* [Exercise]: Starting at the line that contains "2/16 Pakistan’s internal", repeat each line of the listing below through the last one, exactly, and leave out every picture.

* [Given material]:
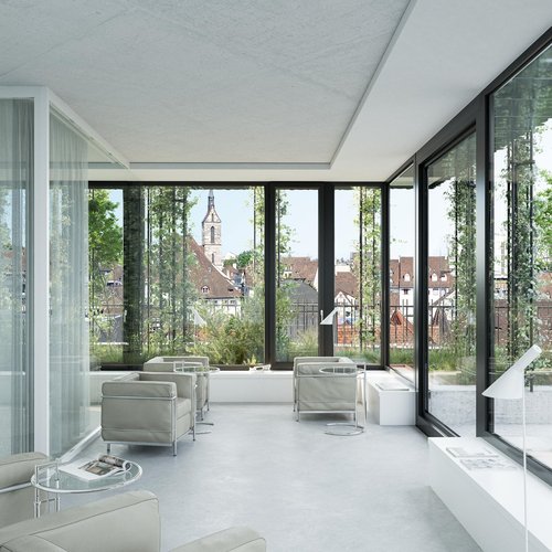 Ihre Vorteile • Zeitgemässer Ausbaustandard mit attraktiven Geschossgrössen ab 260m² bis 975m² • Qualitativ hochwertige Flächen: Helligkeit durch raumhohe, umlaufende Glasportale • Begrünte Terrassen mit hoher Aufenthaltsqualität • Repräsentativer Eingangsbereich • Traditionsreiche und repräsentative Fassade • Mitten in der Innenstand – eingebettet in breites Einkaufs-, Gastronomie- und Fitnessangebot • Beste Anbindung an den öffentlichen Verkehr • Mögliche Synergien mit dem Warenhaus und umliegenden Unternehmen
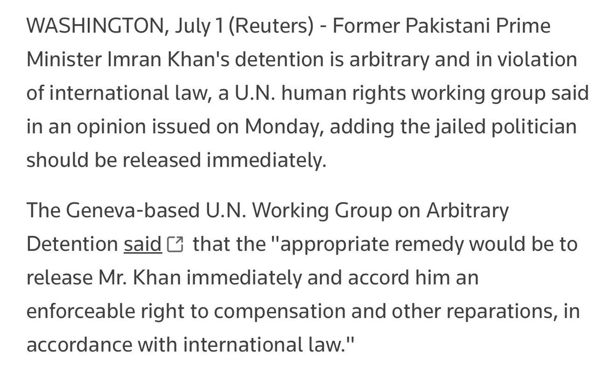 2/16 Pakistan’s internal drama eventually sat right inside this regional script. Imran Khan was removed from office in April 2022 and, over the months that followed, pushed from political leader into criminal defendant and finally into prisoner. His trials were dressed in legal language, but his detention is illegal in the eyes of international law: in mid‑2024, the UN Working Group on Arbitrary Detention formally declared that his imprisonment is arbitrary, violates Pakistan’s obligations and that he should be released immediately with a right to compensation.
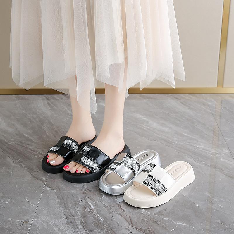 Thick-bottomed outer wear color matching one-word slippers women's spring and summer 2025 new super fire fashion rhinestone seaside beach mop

* [Solution to the exercise]:
 2/16 Pakistan’s internal drama eventually sat right inside this regional script. Imran Khan was removed from office in April 2022 and, over the months that followed, pushed from political leader into criminal defendant and finally into prisoner. His trials were dressed in legal language, but his detention is illegal in the eyes of international law: in mid‑2024, the UN Working Group on Arbitrary Detention formally declared that his imprisonment is arbitrary, violates Pakistan’s obligations and that he should be released immediately with a right to compensation.
 Thick-bottomed outer wear color matching one-word slippers women's spring and summer 2025 new super fire fashion rhinestone seaside beach mop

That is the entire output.